Problem description
Starting at the first line of the data, please print exactly those lines through the one that holds "Seven keen cyclists", omitting every picture.

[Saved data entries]
_____
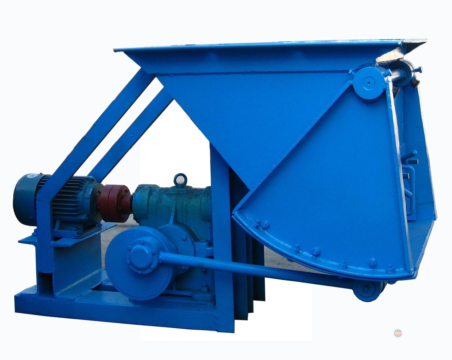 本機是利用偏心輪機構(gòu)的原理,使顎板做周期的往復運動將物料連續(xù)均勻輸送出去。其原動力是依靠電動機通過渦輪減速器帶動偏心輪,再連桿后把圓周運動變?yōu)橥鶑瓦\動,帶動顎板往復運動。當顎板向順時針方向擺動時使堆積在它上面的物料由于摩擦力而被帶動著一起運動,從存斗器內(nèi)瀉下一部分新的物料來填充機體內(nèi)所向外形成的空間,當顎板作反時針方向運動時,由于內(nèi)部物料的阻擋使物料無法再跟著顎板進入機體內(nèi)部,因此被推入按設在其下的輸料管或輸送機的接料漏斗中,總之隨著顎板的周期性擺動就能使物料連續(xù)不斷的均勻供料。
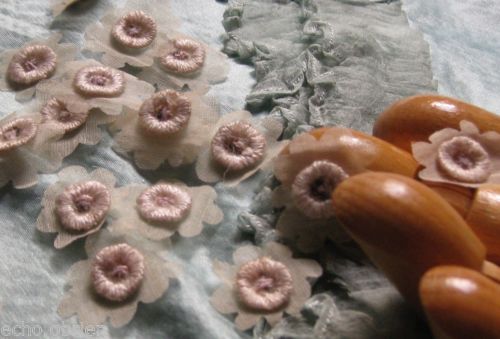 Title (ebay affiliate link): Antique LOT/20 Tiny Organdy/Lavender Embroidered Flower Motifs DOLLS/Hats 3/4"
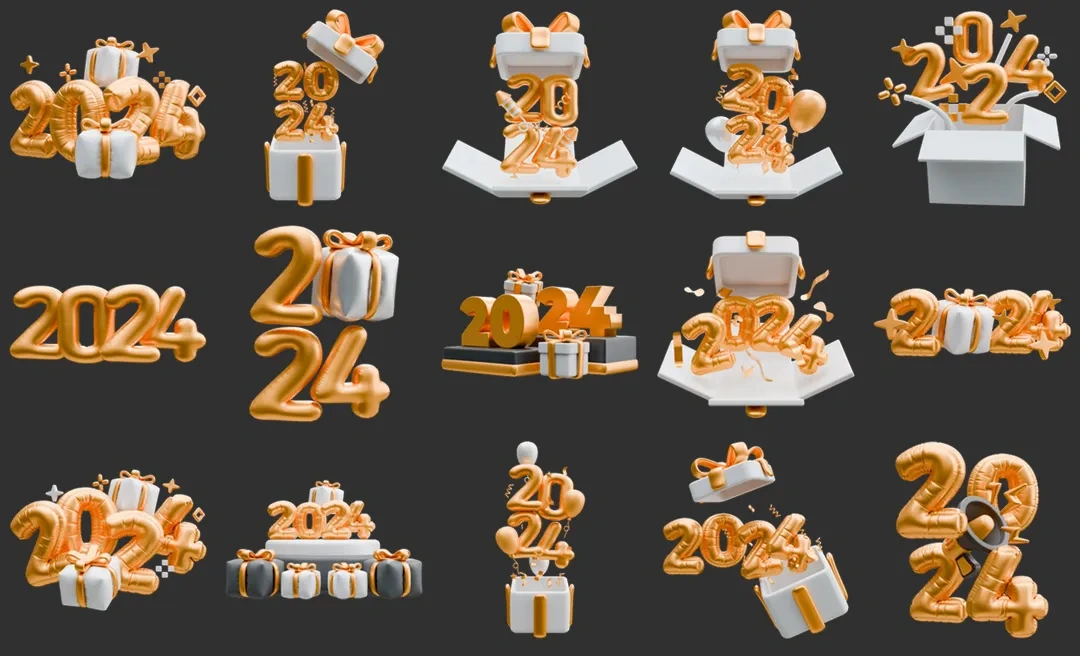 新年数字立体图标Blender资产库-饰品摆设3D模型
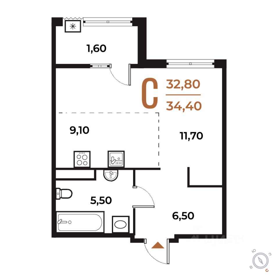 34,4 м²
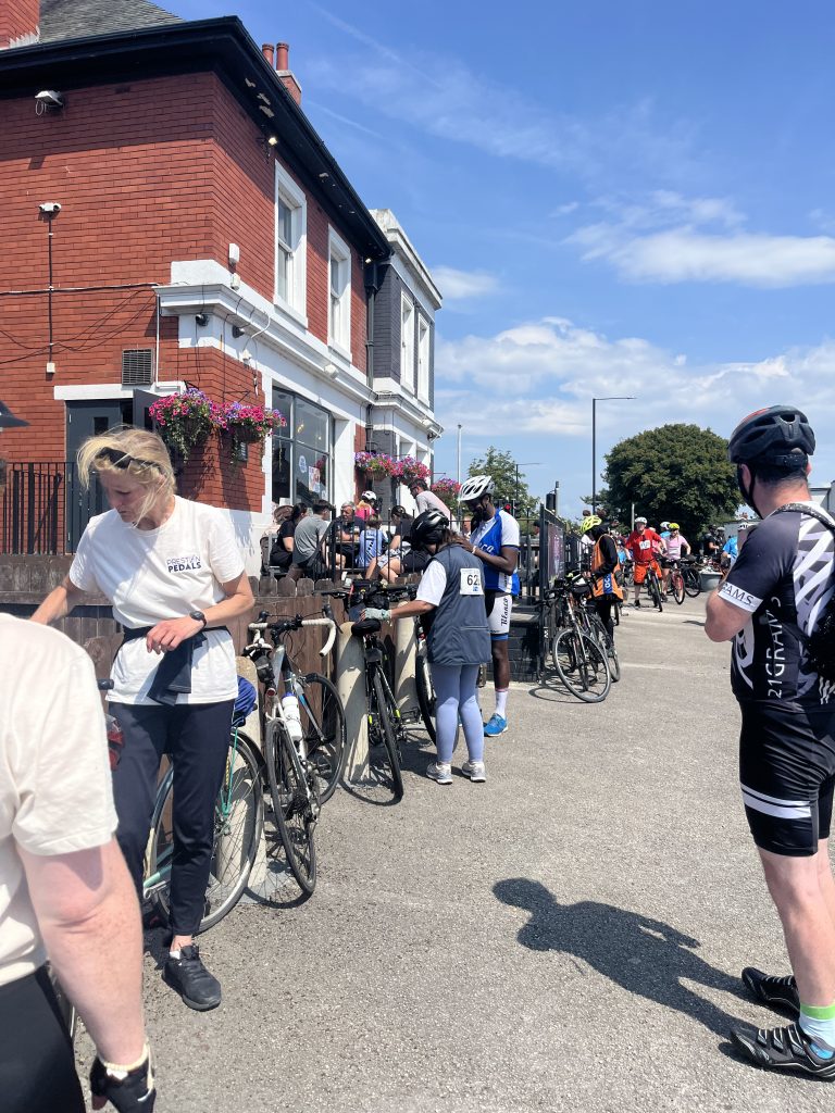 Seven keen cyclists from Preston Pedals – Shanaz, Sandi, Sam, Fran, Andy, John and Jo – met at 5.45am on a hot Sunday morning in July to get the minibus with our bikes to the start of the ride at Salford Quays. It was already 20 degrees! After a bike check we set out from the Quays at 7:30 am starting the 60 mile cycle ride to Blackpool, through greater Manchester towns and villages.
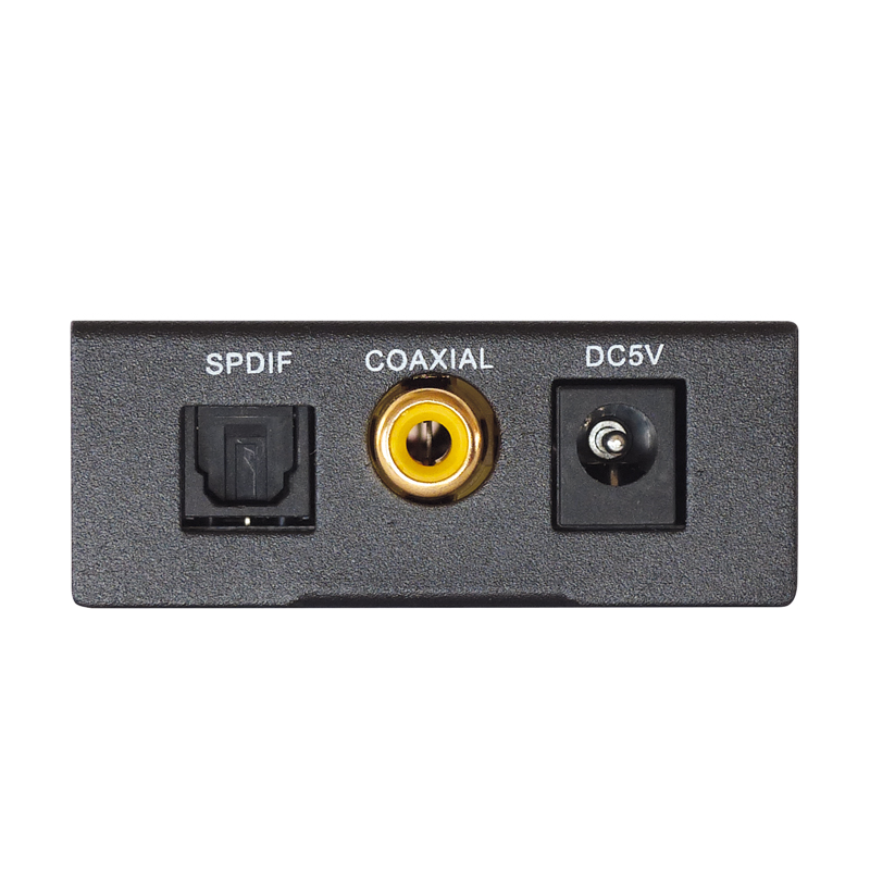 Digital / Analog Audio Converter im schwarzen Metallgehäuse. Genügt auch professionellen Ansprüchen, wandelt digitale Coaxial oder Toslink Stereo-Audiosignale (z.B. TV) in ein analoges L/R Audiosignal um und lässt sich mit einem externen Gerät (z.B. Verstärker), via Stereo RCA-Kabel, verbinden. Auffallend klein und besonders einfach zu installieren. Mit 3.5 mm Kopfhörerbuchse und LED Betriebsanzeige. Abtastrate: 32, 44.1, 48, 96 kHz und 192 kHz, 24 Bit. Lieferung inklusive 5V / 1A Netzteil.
_____
Exercise response
 本機是利用偏心輪機構(gòu)的原理,使顎板做周期的往復運動將物料連續(xù)均勻輸送出去。其原動力是依靠電動機通過渦輪減速器帶動偏心輪,再連桿后把圓周運動變?yōu)橥鶑瓦\動,帶動顎板往復運動。當顎板向順時針方向擺動時使堆積在它上面的物料由于摩擦力而被帶動著一起運動,從存斗器內(nèi)瀉下一部分新的物料來填充機體內(nèi)所向外形成的空間,當顎板作反時針方向運動時,由于內(nèi)部物料的阻擋使物料無法再跟著顎板進入機體內(nèi)部,因此被推入按設在其下的輸料管或輸送機的接料漏斗中,總之隨著顎板的周期性擺動就能使物料連續(xù)不斷的均勻供料。
 Title (ebay affiliate link): Antique LOT/20 Tiny Organdy/Lavender Embroidered Flower Motifs DOLLS/Hats 3/4"
 新年数字立体图标Blender资产库-饰品摆设3D模型
 34,4 м²
 Seven keen cyclists from Preston Pedals – Shanaz, Sandi, Sam, Fran, Andy, John and Jo – met at 5.45am on a hot Sunday morning in July to get the minibus with our bikes to the start of the ride at Salford Quays. It was already 20 degrees! After a bike check we set out from the Quays at 7:30 am starting the 60 mile cycle ride to Blackpool, through greater Manchester towns and villages.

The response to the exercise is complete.